● **PROBLEM DESCRIPTION**: The answer must be an exact copy of the lines from the one containing "lower portions of" through the last line of the records, with no pictures.

:: PROVIDED ENTRIES ::

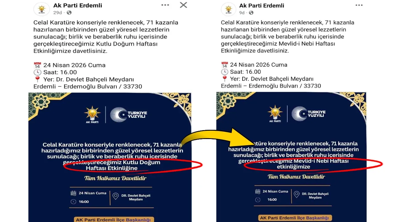 Oda TV’de yer alan habere göre Mersin’in Erdemli ilçesinde AKP İlçe Başkanlığı tarafından paylaşılan bir etkinlik davetiyesinde, “Kutlu Doğum Haftası” ifadesinin yer alması büyük tepki çekti.
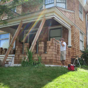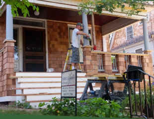 lower portions of the porch were removed for restoration, and
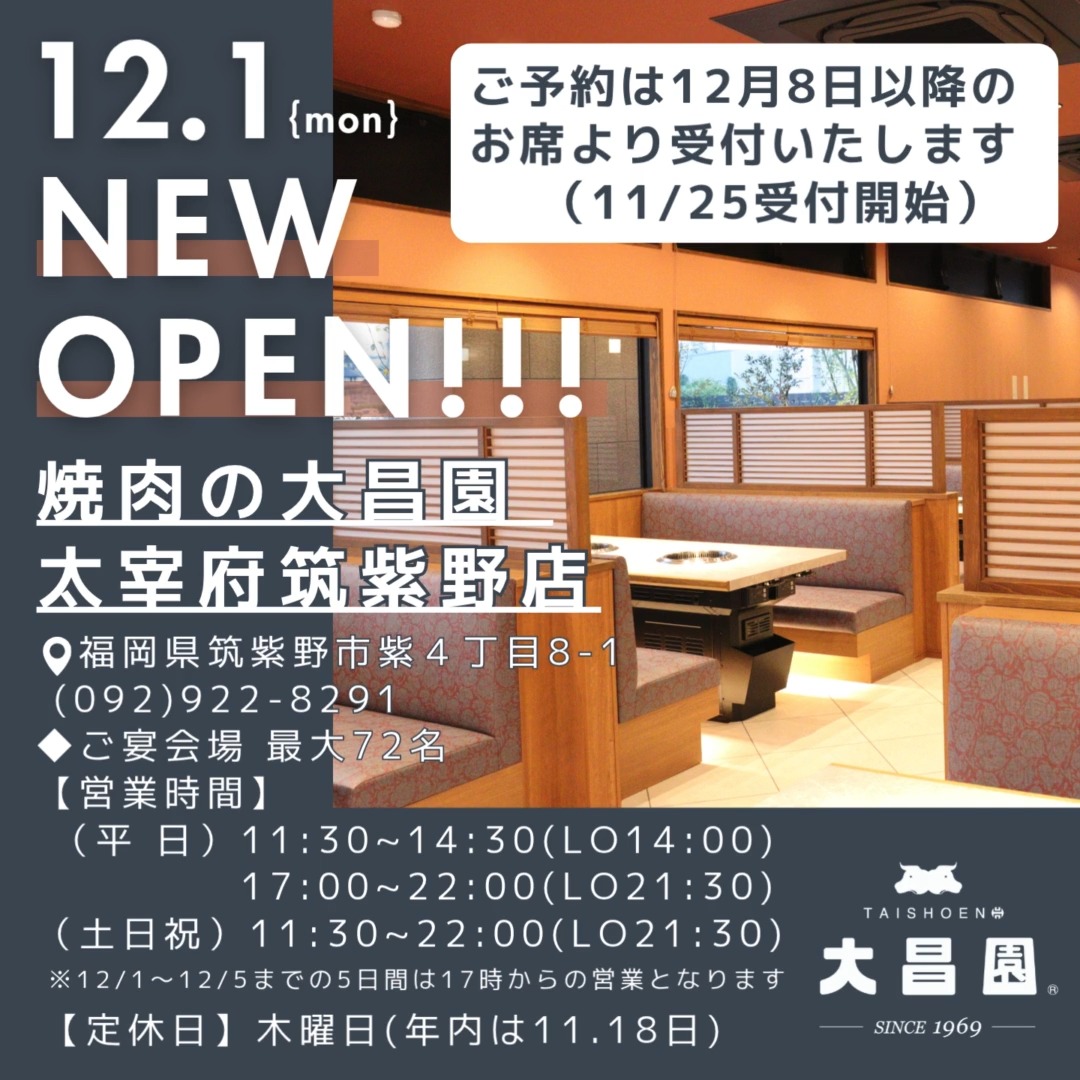 ◆12/1(月)OPEN!焼肉の大昌園 新店《太宰府筑紫野店》◆
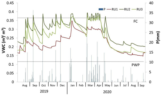 Volumetric water content (VWC) of soils on a daily basis for the different restoration units (RU, RU2, RU3) (left axis). The vertical blue bars represent the precipitation values recorded by the meteorological station installed in the TECMINE area (right axes). Field capacity (FC) and permanent wilting point (PWP) values (dotted lines). Data are shown from 19 August to 20 September.
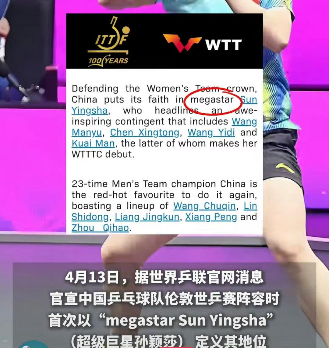 megastar孙颖莎“🏆冠军影响力持续破圈,世界乒联认证Megastar (超级巨星), 商业底盘稳固。”🔥🔥🔥创造历史的首位世界杯女单三连冠,乒乓球项目国际官方认证的唯一【Megastar】超级巨星孙颖莎,真正打破圈层,人气、成绩、国际影响力、商业价值全维度TOP☝🏻白象品牌代言人孙颖莎

:::

● **RESPONSE**:
 lower portions of the porch were removed for restoration, and
 ◆12/1(月)OPEN!焼肉の大昌園 新店《太宰府筑紫野店》◆
 Volumetric water content (VWC) of soils on a daily basis for the different restoration units (RU, RU2, RU3) (left axis). The vertical blue bars represent the precipitation values recorded by the meteorological station installed in the TECMINE area (right axes). Field capacity (FC) and permanent wilting point (PWP) values (dotted lines). Data are shown from 19 August to 20 September.
 megastar孙颖莎“🏆冠军影响力持续破圈,世界乒联认证Megastar (超级巨星), 商业底盘稳固。”🔥🔥🔥创造历史的首位世界杯女单三连冠,乒乓球项目国际官方认证的唯一【Megastar】超级巨星孙颖莎,真正打破圈层,人气、成绩、国际影响力、商业价值全维度TOP☝🏻白象品牌代言人孙颖莎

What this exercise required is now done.